Хозяйка королевской таверны

– Агнес была венчанной женой одного из нас. Отличного стрелка, которого этой весной убили люди шерифа. Потому любого, кто посмеет ее обидеть, я пристрелю первым, и никто меня не осудит. Ты же – общая добыча, которой по нашим законам может пользоваться любой вольный стрелок моего отряда. Поэтому слушай меня внимательно.

Робин кивнул на мешок, стоящий возле шатра.

– Здесь одежда свободной женщины. Сейчас ты переоденешься, и Маленький Джон отведет тебя в деревню подле Ноттингемского замка. Там у меня есть свой человек, который отвезет тебя в Лондон, где легче затеряться, а то в нашей округе все друг друга знают.

«Отвезет в Лондон» звучало заманчиво. Поди, столица-то всяко лучше, чем разбойничий лагерь из шкур и палок посреди леса.

– Это далеко отсюда? – поинтересовалась я.

– Верхом, меняя коней, можно доехать за день. Но ты поедешь на повозке, это два-три дня пути. Здесь в мешке подарок для старины Вилля, который повезет тебя. И вот еще.

Робин снял с пояса кожаный мешочек, который вложил мне в руку.

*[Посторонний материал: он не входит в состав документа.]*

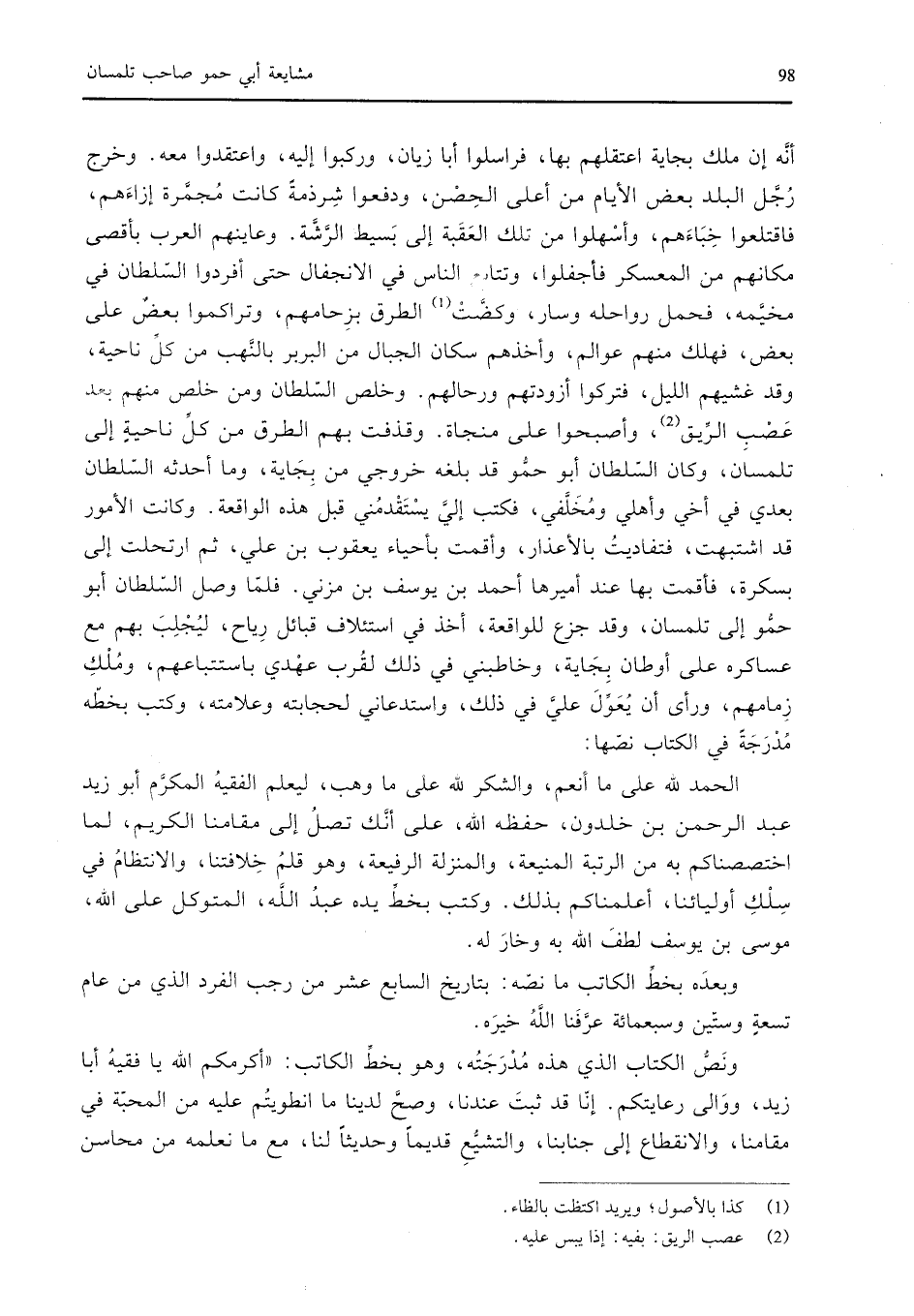 الحمد لله على ما أنعم، والشكر لله على ما وهب، ليعلم الفقيه المكرم أبو زيد عبد الرحمن بن خلدون، حفظه الله، على أنك تصل إلى مقامنا الكريم، لما اختصصناكم به من الرتبة المنيعة، والمنزلة الرفيعة، وهو قلم خلافتنا، والانتظام في سلك أوليائنا، أعلمناكم بذلك. وكتب بخط يده عبد الله، المتوكل على الله، موسى بن يوسف لطف الله به وخار له.

– Здесь немного, двадцать пенсов. В Лондоне постарайся найти себе работу и держись подальше от королевской стражи – они любят приставать к молодым девушкам даже больше, чем совать свой нос в чужие дела.

– А… почему ты мне помогаешь?

Робин пожал плечами.

– В этом мире сильные всегда норовят подогнуть под себя слабых и выжать из них все соки. Меня тоже пытались. Я не поддался. Тогда они убили мою семью. И с той поры я дал обет помогать слабым и тем, кто попал в беду. Ты сейчас нуждаешься в помощи, я помогаю, вот и все. Это так удивительно?

– Да, – честно сказала я.

– Что ж, удивляйся. А я пойду еще немного посплю. На этом все.

Не попрощавшись, Робин полез в свой шалаш – видимо, досыпать, – а из-за дерева бесшумной тенью появился Маленький Джон, который кивнул мне: пойдем, мол.

Ну, я и пошла.

Недалеко, правда.

До ближайших кустов.

– Переодевайся, – бросил мне Джон.

И галантно отвернулся. Надо же, ну прям реально благородные разбойники, куда деваться.

Но переодеться действительно было нужно. Я ж не совсем дура, понимала, что появиться в моих шмотках перед темным средневековым людом равносильно смертному приговору. Народ не любит то, что отличается от его картины мира, чего он не понимает. А что можно объяснить темным, необразованным людям? Это, скорее, они мне объяснят целесообразность отправки на костер девиц, шастающих в странных и подозрительных одеждах.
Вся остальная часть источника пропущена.